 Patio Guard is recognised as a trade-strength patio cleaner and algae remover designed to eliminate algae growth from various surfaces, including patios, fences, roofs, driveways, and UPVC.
++++
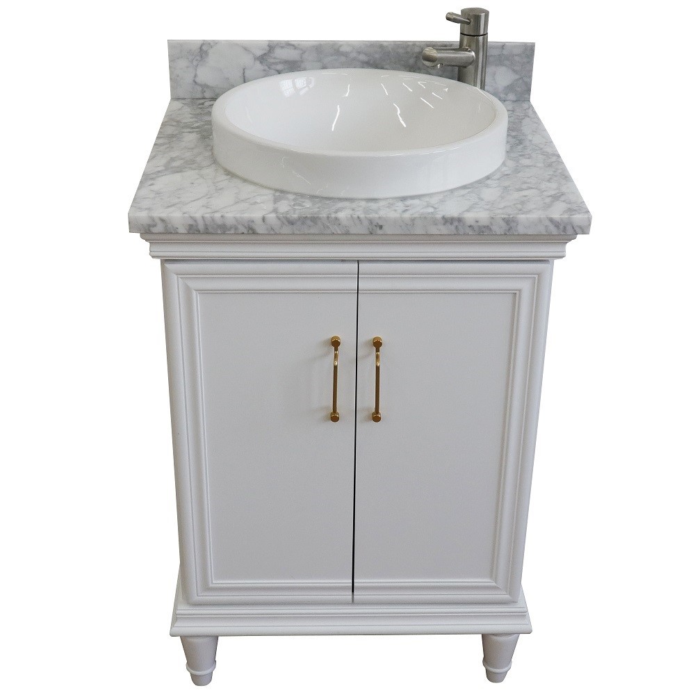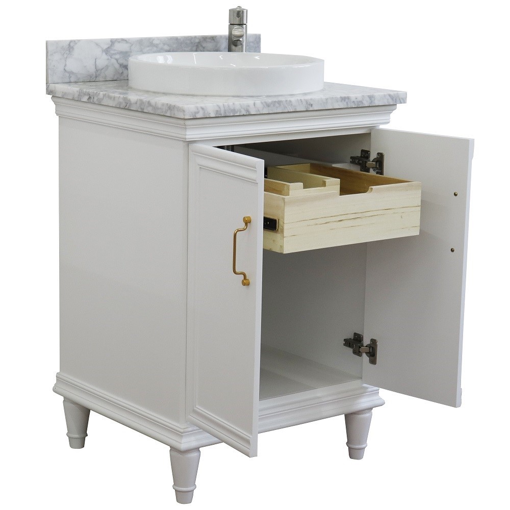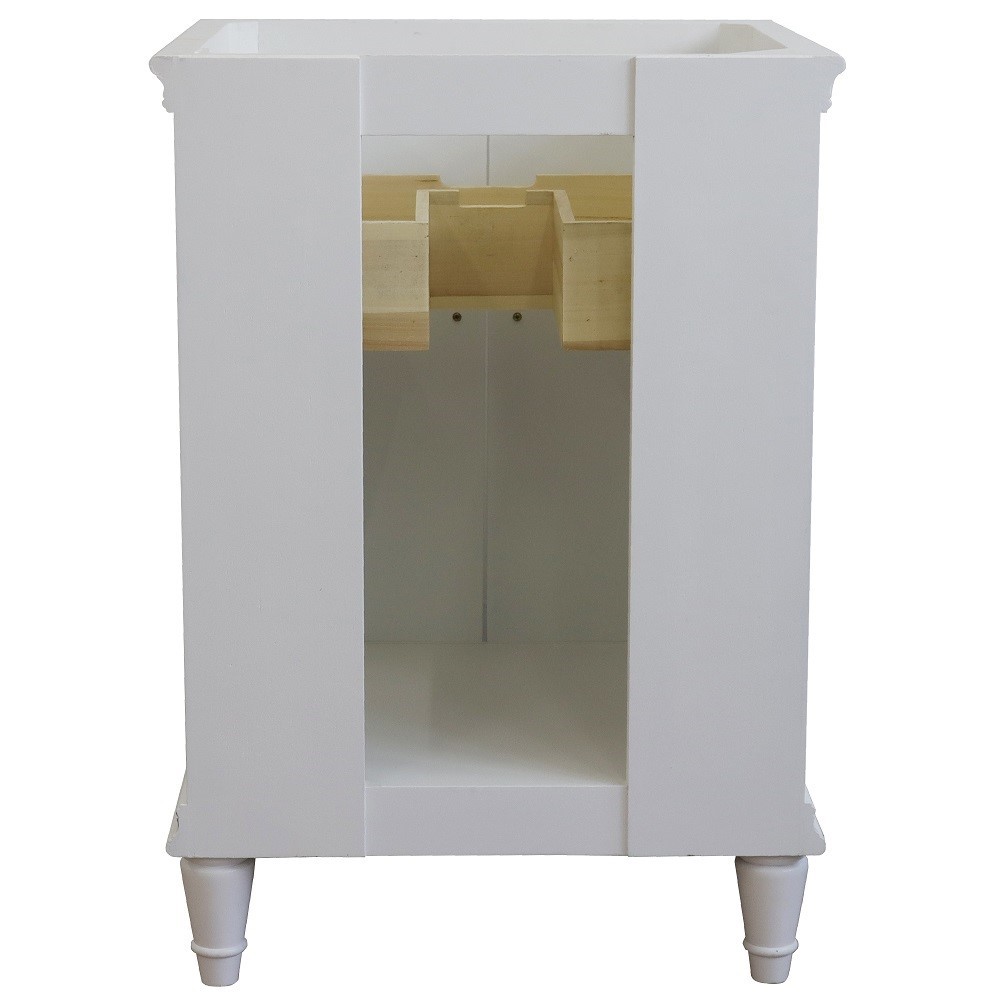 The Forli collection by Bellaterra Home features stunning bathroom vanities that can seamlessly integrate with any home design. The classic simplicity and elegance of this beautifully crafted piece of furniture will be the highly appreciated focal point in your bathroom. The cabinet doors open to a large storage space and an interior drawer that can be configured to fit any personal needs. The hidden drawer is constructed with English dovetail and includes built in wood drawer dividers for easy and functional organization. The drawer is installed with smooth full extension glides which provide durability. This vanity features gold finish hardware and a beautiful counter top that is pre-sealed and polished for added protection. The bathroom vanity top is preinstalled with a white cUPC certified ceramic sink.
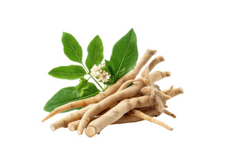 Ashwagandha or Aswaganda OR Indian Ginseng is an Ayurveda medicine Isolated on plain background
++++
Work required: The line holding "The Forli collection" starts the copy and the line holding "Ashwagandha or Aswaganda" ends it. Repeat those two lines above and all between them exactly, leaving out pictures.

Answer section:
 The Forli collection by Bellaterra Home features stunning bathroom vanities that can seamlessly integrate with any home design. The classic simplicity and elegance of this beautifully crafted piece of furniture will be the highly appreciated focal point in your bathroom. The cabinet doors open to a large storage space and an interior drawer that can be configured to fit any personal needs. The hidden drawer is constructed with English dovetail and includes built in wood drawer dividers for easy and functional organization. The drawer is installed with smooth full extension glides which provide durability. This vanity features gold finish hardware and a beautiful counter top that is pre-sealed and polished for added protection. The bathroom vanity top is preinstalled with a white cUPC certified ceramic sink.
 Ashwagandha or Aswaganda OR Indian Ginseng is an Ayurveda medicine Isolated on plain background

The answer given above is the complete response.